Derken ayın 1’i. Hiç hareket yok. Açtım kitaplarımı, başkalarının doğum hikâyelerini okudum ve fark ettim ki birçok kadın doğum yaptığı gün muhakkak yürümüş. Kimi çarşıya çıkmış, kimi işe uğramış. “Kalk” dedim kocama, bir saat yürüyelim. Gittik, geri geldik 16.30 civarı, sancılarım tekrar başladı. Bir yandan DVD seyrediyoruz. Bir film bitti, ikinciyi koyduk, benim sancılar acayip şiddetlendi. Bir baktık 5-6 dakikada bir ve 45 saniye sürüyor. Gene yanlış sancıdır diye istemeye istemeye Ebru Hanım’ı aradım. Dört dakikaya düşünce hastaneye gitmeyi kararlaştırdık. Hakikaten de gece 22.00’de sancıların sıklığı dört dakikaya düştü. Hemen Güven Hastanesi’ne gittik. Ebru Hanım da beş dakika sonra geldi. Hemşirelere, “Gizem Hanım her şeye hâkim, ne yapacağını biliyor, kesinlikle işine karışmayın” dedi. Böylece ben kendi isteğimle lavman yaptırmadım gerek yok diye –normal doğumda sancılarla birlikte ishal başlayabiliyor ve bağırsaklar kendini temizliyor-, serum taktırmadım gezeceğim diye ve asla yatağa bağlı kalmadım. Hiçbir uyuşturucu ve ağrı kesici yok. Tamamen doğal seyrinde ilerleyecek her şey.

Saatlerce yürüdüm. Saat baş Ebru Hanım açıklık muayenesi yaptı, her saatte normal bir hızla bir santim açılma oldu. Tabii sancılar şiddetlendi; gece 02.00 civarı Ebru Hanım “Artık biraz dinlen, enerjine ihtiyacımız olacak” deyince bir saat yattım. Ve açıklık altı santimde durdu. Ölüyordum korkudan, aynen Meriç’te olan başıma gelecek diye, hemen kalktım ayağa. Koridorda bir aşağı bir yukarı yürüyorum.

Derken saat 04.00te, Ebru Hanım “Tamam, aktif doğum bitti, son iki santime geldik, yatağa geç” dedi. Tabi ben biliyorum kitaplardan, son iki santim en hızlı ama en ağrılı ilerleyen dönemi doğumun. Fakat zorlanmaya başladım. Sürekli sancı vuruyor ve açılma devam ediyor. Dokuz santime geldiğimizde Ebru Hanım “Sancı varken ıkınacaksın ve ben su kesesini açacağım” dedi. Hep beynimden “Bunu ben istedim, bebek doğacak ve her şey bitecek, dayan” diyordum. Ebru Hanım öyle maharetle açtı ki, bebeği kanala suyla birlikte oturttu. Bebek iri olduğu için, korkuyorduk abisi gibi kanala giremezse diye. 05.00te yarım doz morfin verdi, ve birden dünyanın en mutlu insanı ben oldum! Sancı geliyor vuruyor, gidiyor da siz üzerinde durmuyorsunuz!

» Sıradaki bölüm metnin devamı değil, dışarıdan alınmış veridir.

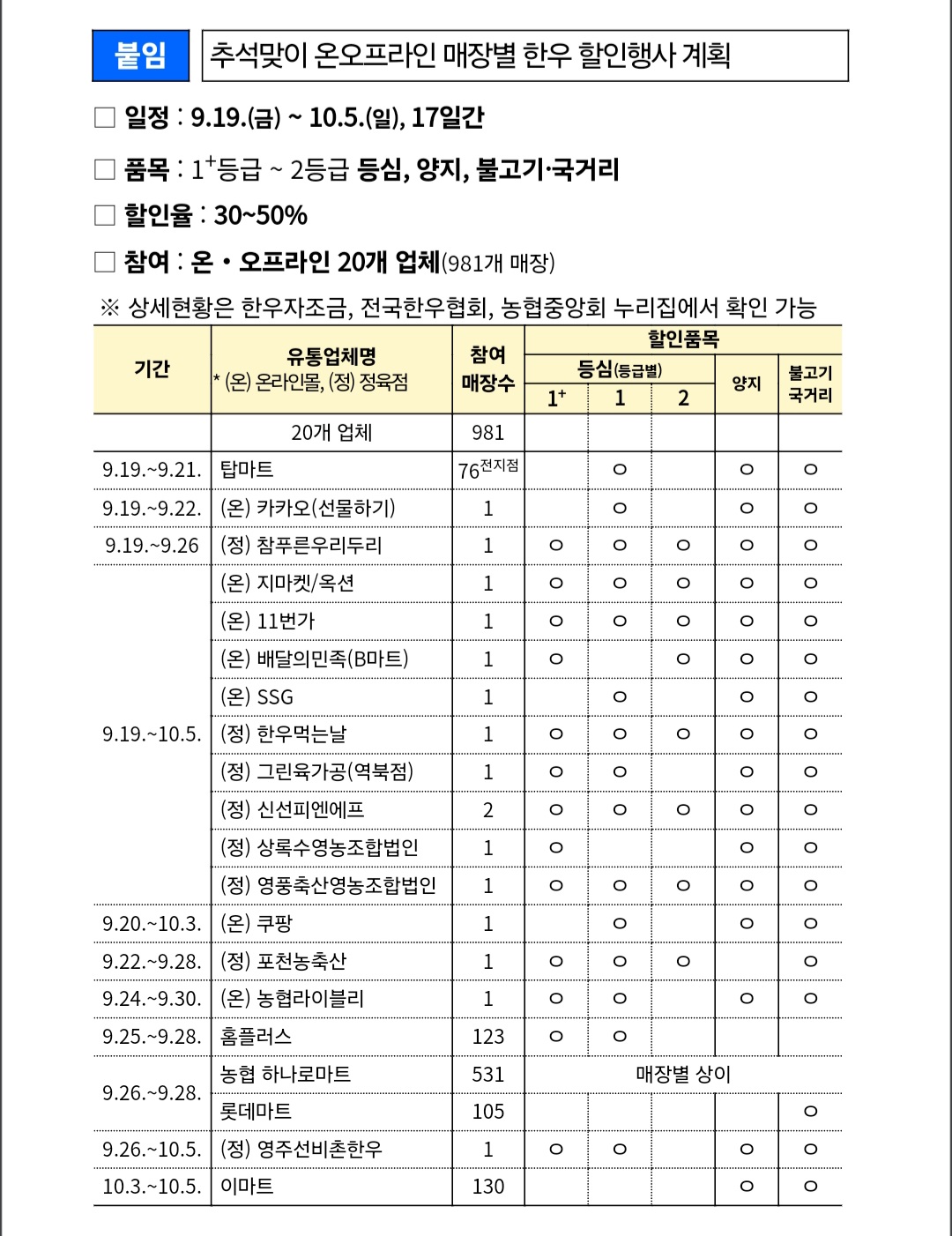 [붙임] 추석맞이 온오프라인 매장별 한우 할인행사 계획
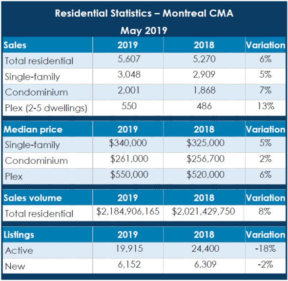 L’Île-des-Sœurs, June 6, 2019 – The Quebec Professional Association of Real Estate Brokers (QPAREB) has just released its most recent residential real estate market statistics for the Montreal Census Metropolitan Area (CMA), based on the real estate brokers’ Centris provincial database.
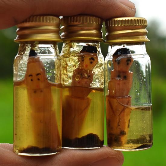 ชุด 3 ขวด...กุมารทองคะนองทรัพย์ในน้ำมัน ปี 2559 หลวงปู่สิงห์ วัดบ้านป่าตะแบง จ.นครราชสีมา พร้อมซองรูปเดิมจากวัด สภาพพระตามรูปที่ลงทุกประการ (ขนาดขวดประมาณ 5.6 x 2 ซม.)
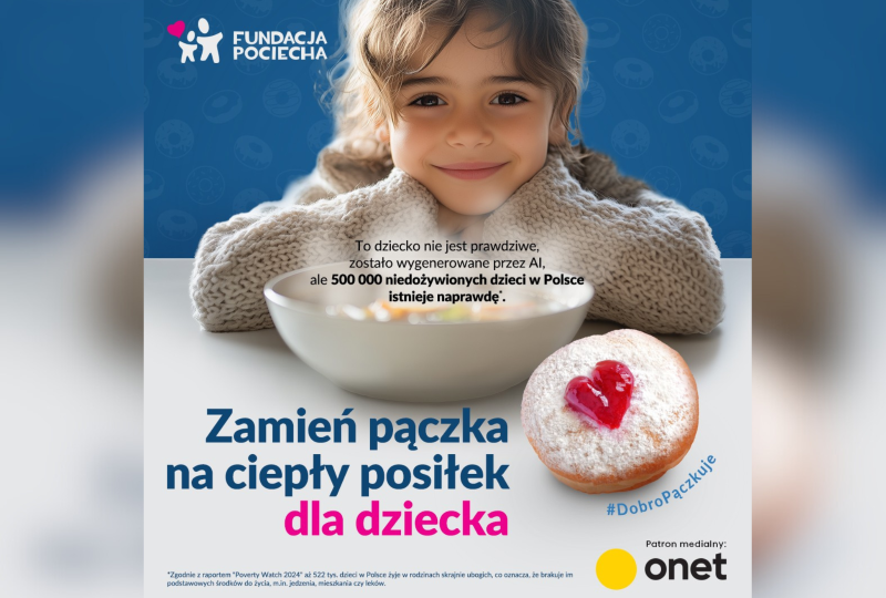 „Tłusty czwartek to czas słodkich przyjemności. Ale co, jeśli jeden pączek mógłby zmienić czyjeś życie?” – takie pytanie stawiają organizatorzy akcji, którzy starają zwrócić uwagę społeczeństwa na problem niedożywienia dzieci w Polsce. Choć o problemie głodu w Polsce rzadko się mówi, wciąż pozostaje on istotnym wyzwaniem społecznym. Fundacja Pociecha stara się zwrócić uwagę na skalę tego zjawiska. Okazuje się, że w 2024 roku nawet 522 tys. dzieci w Polsce żyło w skrajnym ubóstwie – stanowi to wzrost o 125 tys. w porównaniu z rokiem poprzednim*. „Dzieci wychowujące się w takich warunkach są szczególnie narażone na głód, niedożywienie czy brak dostępu do pełnowartościowych posiłków” – podkreślają organizatorzy akcji.
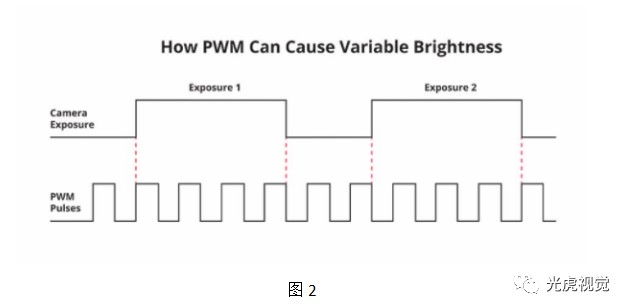 在PWM系統中,照明強度的準確性依賴于每次曝光有大量的電壓脈沖。高速的照明系統可能只有幾微秒的曝光時間,每次曝光只會出現幾個PWM脈沖。在這種高速照明系統中,PWM周期的不同會對照明強度產生可測量的影響。如圖2所示,相機曝光和PWM脈沖的時鐘導致相機第一次曝光比第二次曝光接收到超過30%的光。一個更快的內部PWM時鐘可以減少這種影響,但這些高速電壓脈沖會導致鄰近系統的EMC干擾。更先進的PWM系統可能提供同步PWM周期與相機快門的能力,但這可能很難實現,特別是滾動快門相機系統。
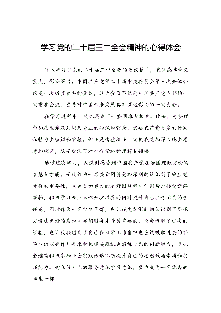 1、学习党的二十届三中全会精神的心得体会深入学习了党的二十届三中全会的会议精神,我深感其意义重大,影响深远。中国共产党第二十届中央委员会第三次全体会议是一次极其重要的会议,这次会议不仅是中国共产党内部的一次重要会议,更是对中国未来发展具有深远影响的一次大会。在学习过程中,我也遇到了一些困难和挑战。比如,有些理念和政策涉及到较为专业的知识和背景,需要我花费更多的时间和精力去理解和掌握。但正是这些挑战,促使我更加深入地去思考和探究,从而加深了对全会精神的理解和领悟。通过这次学习,我深刻感受到中国共产党在治国理政方面的智慧和才能。而我作为一名共青团员更加深刻的认识到了响应党号召的重要性,我会更加努力的起
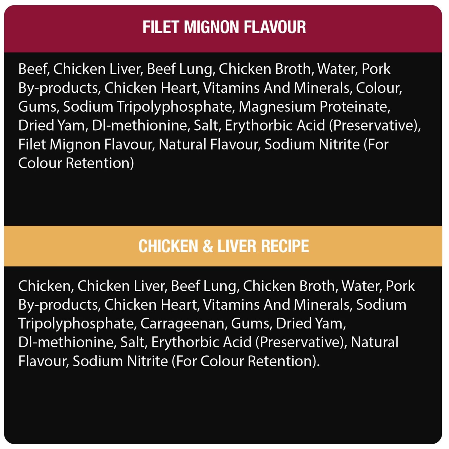 Beef, Chicken Liver, Beef Lung, Chicken Broth, Water, Pork By-Products, Chicken Heart, Vitamins and Minerals, Colour, Gums, Sodium Tripolyphosphate, , Magnesium Proteinate, Dried Yam, DL-Methionine, Salt, Erythorbic Acid (Preservative), Filet Mignon Flavour, Natural Flavour, Sodium Nitrite (For Colour Retention)
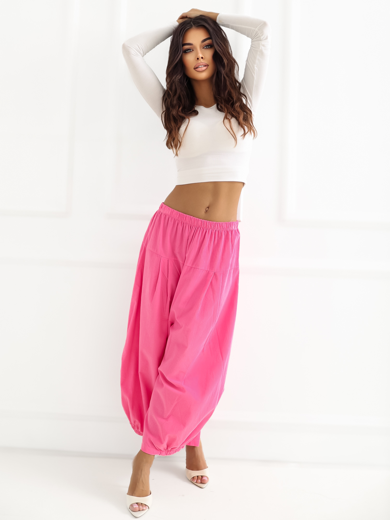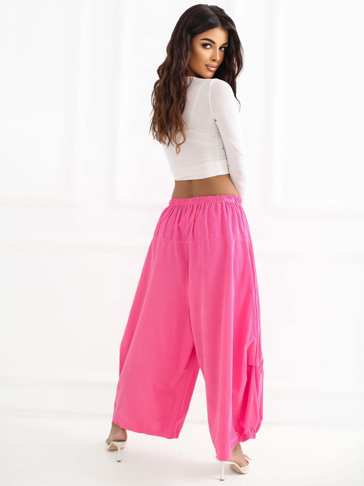 Ciemnoróżowe sztruksowe spodnie alladynki

Saat 06.00 civarında Ebru Hanım “Tamam, artık doğumhaneye gidiyoruz” dedi. Size o anki duygularımı anlatamam. Korku, sabırsızlık, mutluluk, mutsuzluk, dayanamama korkusu, yine sezaryen olacak korkusu, bu bebek benden hayatta çıkmaz telaşı, her şey var. Uykusuzluktan ve sancılardan bitap düşmüşüm, morfinin de etkisi geçiyor. Ben rastlantı zannediyordum, değilmiş. Bilerek son bir santim için morfin vermiş doktorum, gücümü toparlayayım ve ıkınmada tam güç harcayayım diye. Doğumhaneye yürürken sancı iki kere vurdu ve ikisinde de Ebru Hanım yere çömeltti beni ve öyle ıkındırdı.

Neyse, yattım doğum masasına. Ve hayatımın en zorlu dakikaları başladı. Elimden geldiğince ıkınıyorum, doktorum, bak bebeğin başı göründü dedikçe yalancı diyorum. Beni kandırıyor herkes. Ama nasıl insanüstü bir gayretle ıkınıyorum anlatamam. Eşim yanımda, ellerimi tutuyor, ben biraz daha morfin diye sızlanıyorum, Ebru Hanım olağanüstü sakinliğiyle beni yatıştırıyor, “Morfin verirsem ıkınmazsın, bebek takılır” diyor, ben küfürler ediyorum, rüşvetler teklif ediyorum, yalvarıyorum, yeminler ediyorum “Vallahi ıkınacağım” diye. Dedi ki “Söz veriyorum bebek çıksın aynı anda vereceğim”. Ben o gazla daha çok ıkınmaya başladım. O yarım doz ilaç için.. Meğerse motive olayım diye demiş! Tam kendimden geçmişken doktorum bir dahaki ıkınmada bebeği alıyorum dedi. İnanmadım. Sancı vurdu, ben sonsuz ıkındım, birden içimden bir şey kaydı ve Ebru Hanım kızımı aldı içimden havaya kaldırdı.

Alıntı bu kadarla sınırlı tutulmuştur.